## [Directions for this task]
The required answer is the data below, restated word for word with images omitted.

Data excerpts
*****
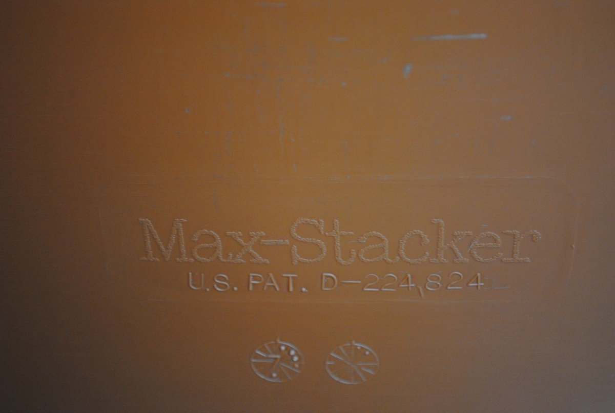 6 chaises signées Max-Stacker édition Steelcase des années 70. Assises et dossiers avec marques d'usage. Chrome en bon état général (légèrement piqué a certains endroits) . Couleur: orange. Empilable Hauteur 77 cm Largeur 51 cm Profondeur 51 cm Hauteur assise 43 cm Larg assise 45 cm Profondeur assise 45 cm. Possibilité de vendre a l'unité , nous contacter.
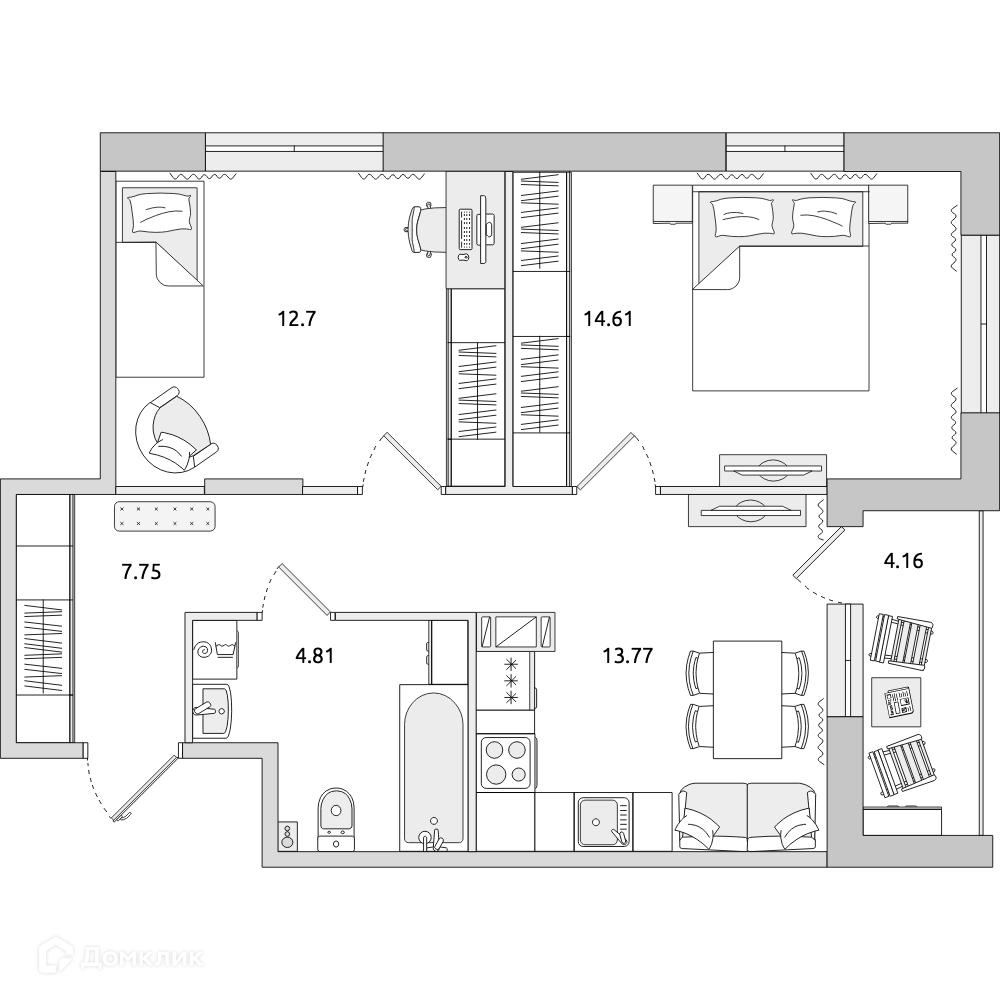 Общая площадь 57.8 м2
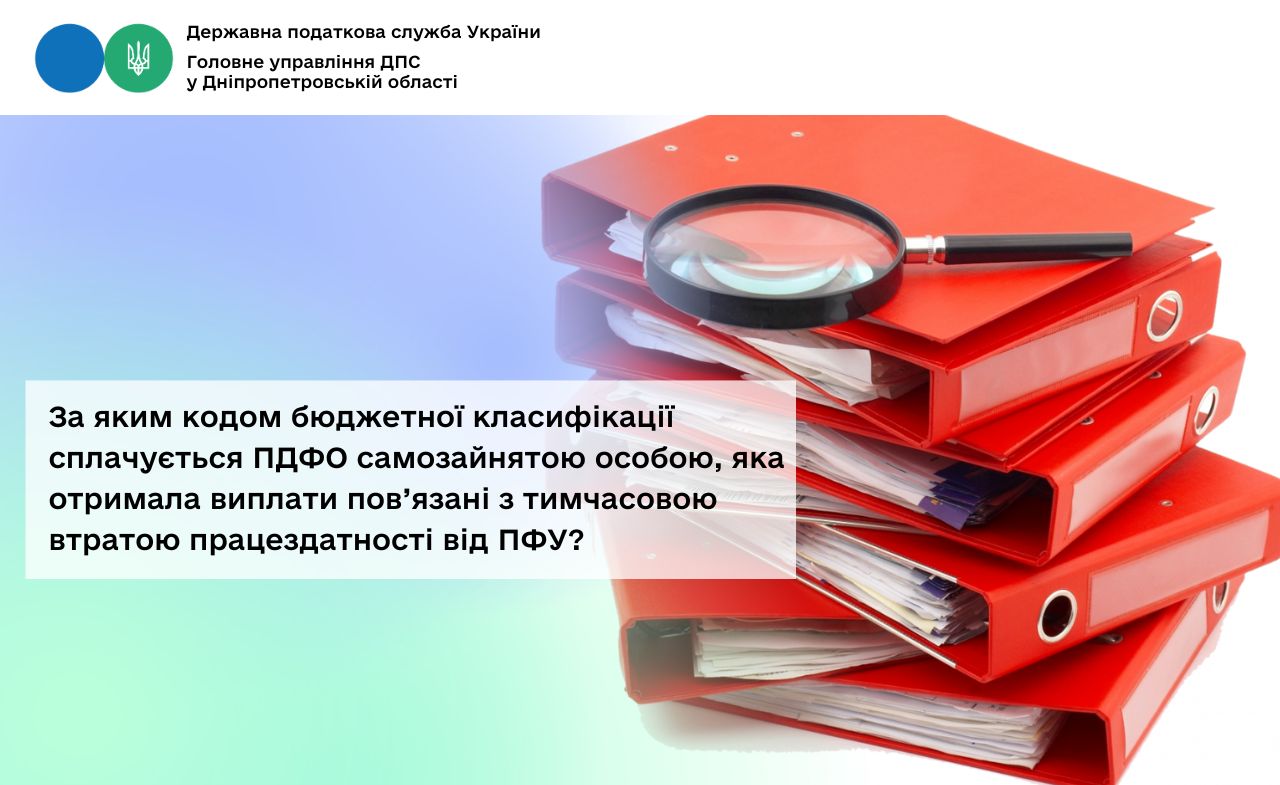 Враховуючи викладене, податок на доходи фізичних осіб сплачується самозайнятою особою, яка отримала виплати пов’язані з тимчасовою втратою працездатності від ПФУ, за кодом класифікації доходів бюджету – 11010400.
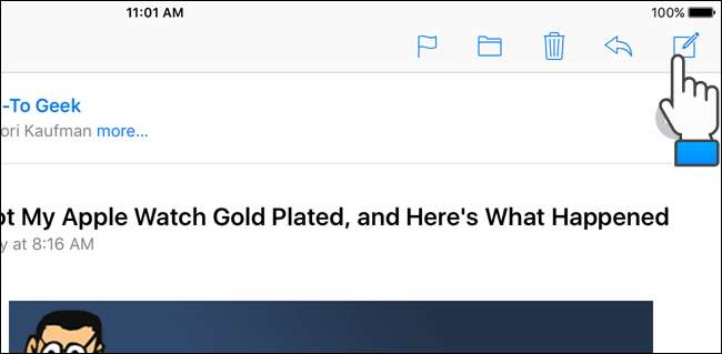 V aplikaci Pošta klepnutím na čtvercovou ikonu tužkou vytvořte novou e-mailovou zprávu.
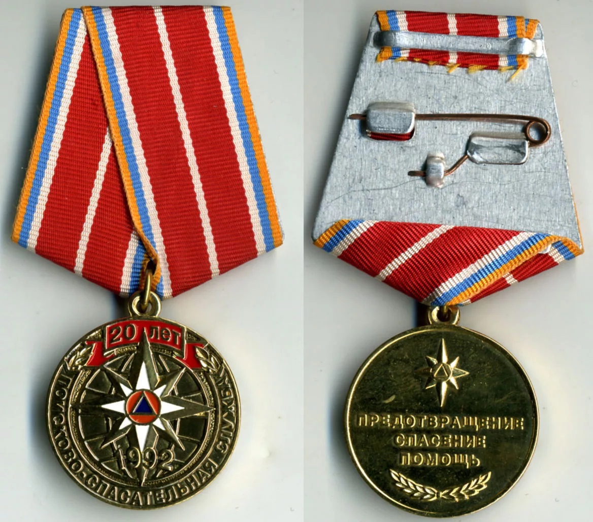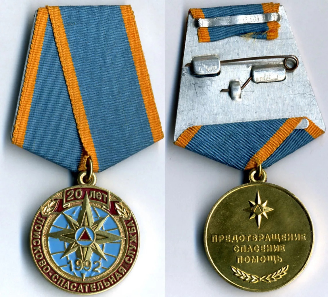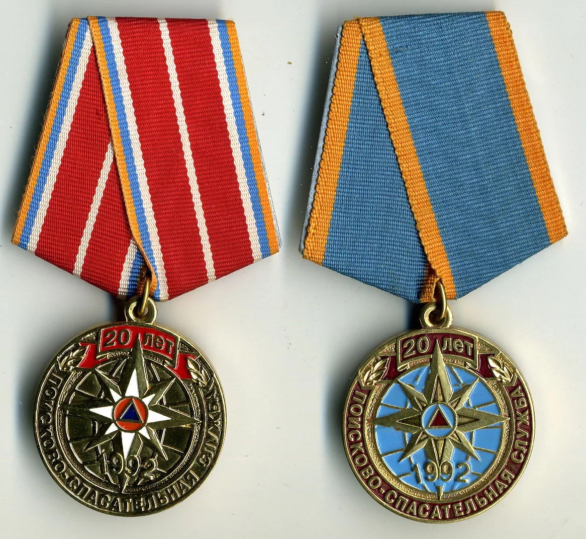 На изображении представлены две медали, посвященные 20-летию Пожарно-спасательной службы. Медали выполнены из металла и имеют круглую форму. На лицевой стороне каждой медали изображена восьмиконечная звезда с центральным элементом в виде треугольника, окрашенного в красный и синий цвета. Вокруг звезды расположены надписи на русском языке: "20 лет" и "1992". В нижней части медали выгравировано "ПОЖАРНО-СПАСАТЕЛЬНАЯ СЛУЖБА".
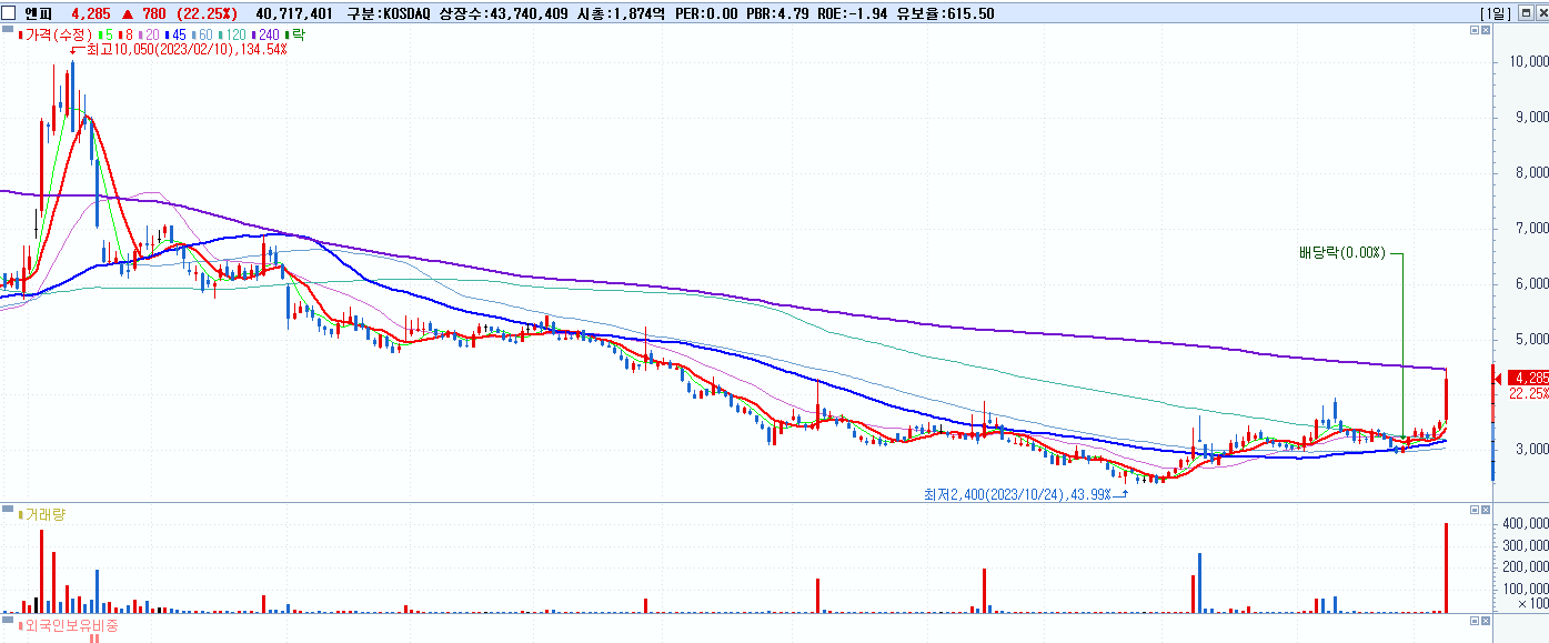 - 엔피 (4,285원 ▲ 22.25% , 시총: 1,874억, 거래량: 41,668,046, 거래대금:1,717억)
*****
## [Your response]
 6 chaises signées Max-Stacker édition Steelcase des années 70. Assises et dossiers avec marques d'usage. Chrome en bon état général (légèrement piqué a certains endroits) . Couleur: orange. Empilable Hauteur 77 cm Largeur 51 cm Profondeur 51 cm Hauteur assise 43 cm Larg assise 45 cm Profondeur assise 45 cm. Possibilité de vendre a l'unité , nous contacter.
 Общая площадь 57.8 м2
 Враховуючи викладене, податок на доходи фізичних осіб сплачується самозайнятою особою, яка отримала виплати пов’язані з тимчасовою втратою працездатності від ПФУ, за кодом класифікації доходів бюджету – 11010400.
 V aplikaci Pošta klepnutím na čtvercovou ikonu tužkou vytvořte novou e-mailovou zprávu.
 На изображении представлены две медали, посвященные 20-летию Пожарно-спасательной службы. Медали выполнены из металла и имеют круглую форму. На лицевой стороне каждой медали изображена восьмиконечная звезда с центральным элементом в виде треугольника, окрашенного в красный и синий цвета. Вокруг звезды расположены надписи на русском языке: "20 лет" и "1992". В нижней части медали выгравировано "ПОЖАРНО-СПАСАТЕЛЬНАЯ СЛУЖБА".
 - 엔피 (4,285원 ▲ 22.25% , 시총: 1,874억, 거래량: 41,668,046, 거래대금:1,717억)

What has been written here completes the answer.